Craig also has the job of finding out who is killing the rich women in Bellview Hills (sp? "read" this as an audio book), an investigation that puts him in close contact with his cousin, Mark. Mark hates Craig, and has since they were 10. But the police chief said the department would work with Private on this case so Craig and Mark have no choice in the matter.
I enjoyed mysteries in this installment. And again, the reader knows who the antagonist is, knows what steps they are making, but unlike Private: Berlin, it didn't squick me out. Following the antagonist was interesting, not appallingly disturbing.
What I didn't care for were all the various and sundry loose ends that were left waving in the wind like a tattered flag and the half arsed resolutions:
- Craig's "love affair" with Justine, Jack's not really a girlfriend/girlfriend/ex-fiance. There was excessive pontificating by Craig on Justine's stunning beauty when she arrived in Sydney, at the Private kick-off party, and through out the book. . Justine was involved at the start of the rich women's murders, touching gestures and google eyes with Criag, then...fell right out of the book until she boarded a plane for LA at the end and she cried. They didn't do anything!
- The kidnapping and killing of Ho Meng's son. Ho Meng knew who had done it, so why all the beating around the bush to hire Private? Poor resolution to a no-mystery mystery.
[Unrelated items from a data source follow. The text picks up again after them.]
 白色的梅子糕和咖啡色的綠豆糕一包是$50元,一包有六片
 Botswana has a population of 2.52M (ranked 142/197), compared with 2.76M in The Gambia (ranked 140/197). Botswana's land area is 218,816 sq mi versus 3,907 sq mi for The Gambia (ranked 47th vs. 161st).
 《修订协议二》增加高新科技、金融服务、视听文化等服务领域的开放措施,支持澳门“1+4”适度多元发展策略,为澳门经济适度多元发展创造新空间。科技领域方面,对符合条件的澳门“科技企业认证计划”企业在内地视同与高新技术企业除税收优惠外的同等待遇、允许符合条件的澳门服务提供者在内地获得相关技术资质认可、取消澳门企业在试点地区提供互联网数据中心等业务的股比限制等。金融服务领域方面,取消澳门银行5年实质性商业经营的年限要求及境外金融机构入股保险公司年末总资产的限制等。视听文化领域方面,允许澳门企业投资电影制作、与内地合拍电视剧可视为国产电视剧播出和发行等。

- Mark's 30 yeas of animosity toward Craig just suddenly resolved over a hospital bed? I don't think so
- Craig driving Justine to the airport a week after he released from hospital for a knife wound to the abdomen that nicked a colon. Authors - please consult with a medical doctor or nurse.
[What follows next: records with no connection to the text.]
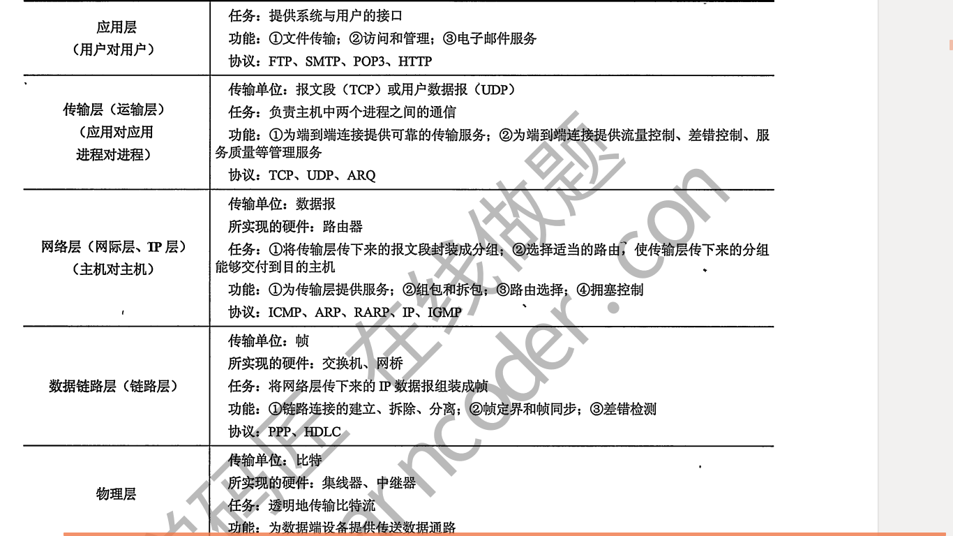 注意:通信子网包括物理层,数据链路层和网络层
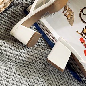 New🔥 White Crisscross Strap Low Block Heel Slide Sandal Square Open Toe Slip-On
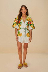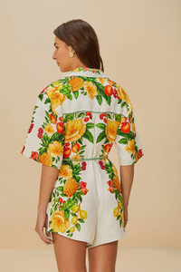 Embrace a touch of paradise with the Off-White Picnic Flowers Euroflax™ Premium Linen Romper. Crafted from responsible materials, this playful piece features a vibrant floral print that dances across the crisp linen canvas. The collar neckline adds a classic touch, while wide sleeves and a cinched waist create an effortlessly chic silhouette. The enchanting blend of colors and patterns brings warmth and joy to any occasion. - Closure: Center front buttons - Button type: Plastic button - Leg fit: Straight - Sleeve type: Short sleeve LENZING™ ECOVERO™: the eco-responsible fibers generate up to 50% lower emissions and water impact compared to generic viscose. Ref.: sku_336647 Composition 100% LINEN Care Instructions HAND WASH SEPARATELY, DO NOT BLEACH, DO NOT TUMBLE DRY, DRY FLAT, IRON AT LOW HEAT, DRY CLEAN WITH ANY SOLVENT EXCEPT TRICHLOROETHYLENE Product manufacturing: CHINA Product printing: CHINA
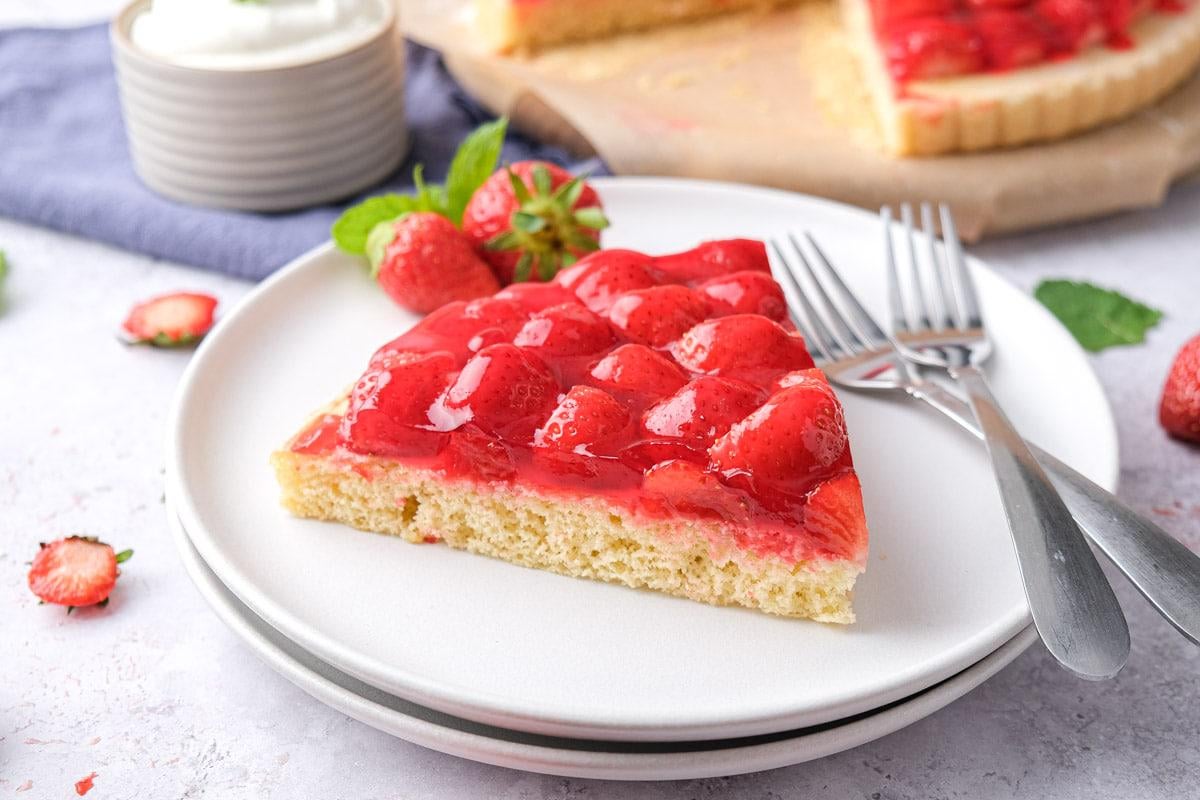 My mom makes this cake all the time. I don’t have her recipe but I know that hers is not spongy but more with a crisp base (which gets softer and soggy from the strawberry after a day or so) and I really like that and would dislike a spongy version. I would therefore probably disagree on the eggs in the recipe you shared.
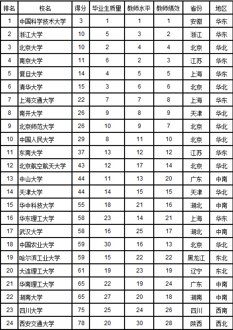 將滿(mǎn)足上述3項(xiàng)條件的大學(xué)的3項(xiàng)排名名次相加后升序排列,得分越低越好。得分相同,教師平均學(xué)術(shù)水平高的大學(xué)居前。
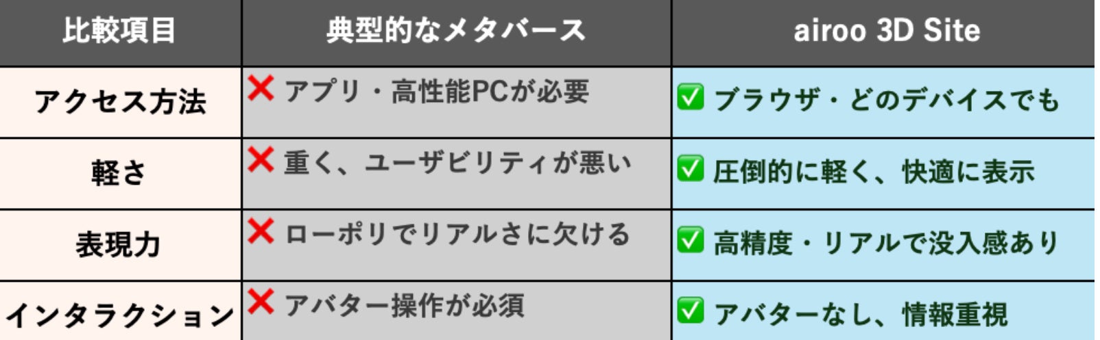 あらゆるデバイスのブラウザから簡単にアクセスできる、高精度な3D Web空間「3D Site」を展開するairoo合同会社(https://airoo.jp)は、2025年5月に3D空間の更なる軽量化、より自然で直感的な操作を実現するためのUIの改良など、3D Siteの操作性と実用性をさらに高める取り組みを進めています。また、ユーザーが操作せずとも空間内を自動で移動できる「自動移動モード」の実装も新たに行い、体験の幅をますます広げています。

- How the hell did Craig and - I forget which character - get locked inside an apartment? Door lock people out, not in.
- There's no way in heck the protagonist could have made and tossed a homemade Molotov cocktail in a darkened shed, bombed an apartment, run up and down stairs and slashed four tires in the time period indicated.
- Even with the issues I noted above, I still enjoyed this installment more than some of the others. It's a great commute read and would be perfect for vacation or a very lazy weekend read. Just...don't expect much from these books other than entertainment.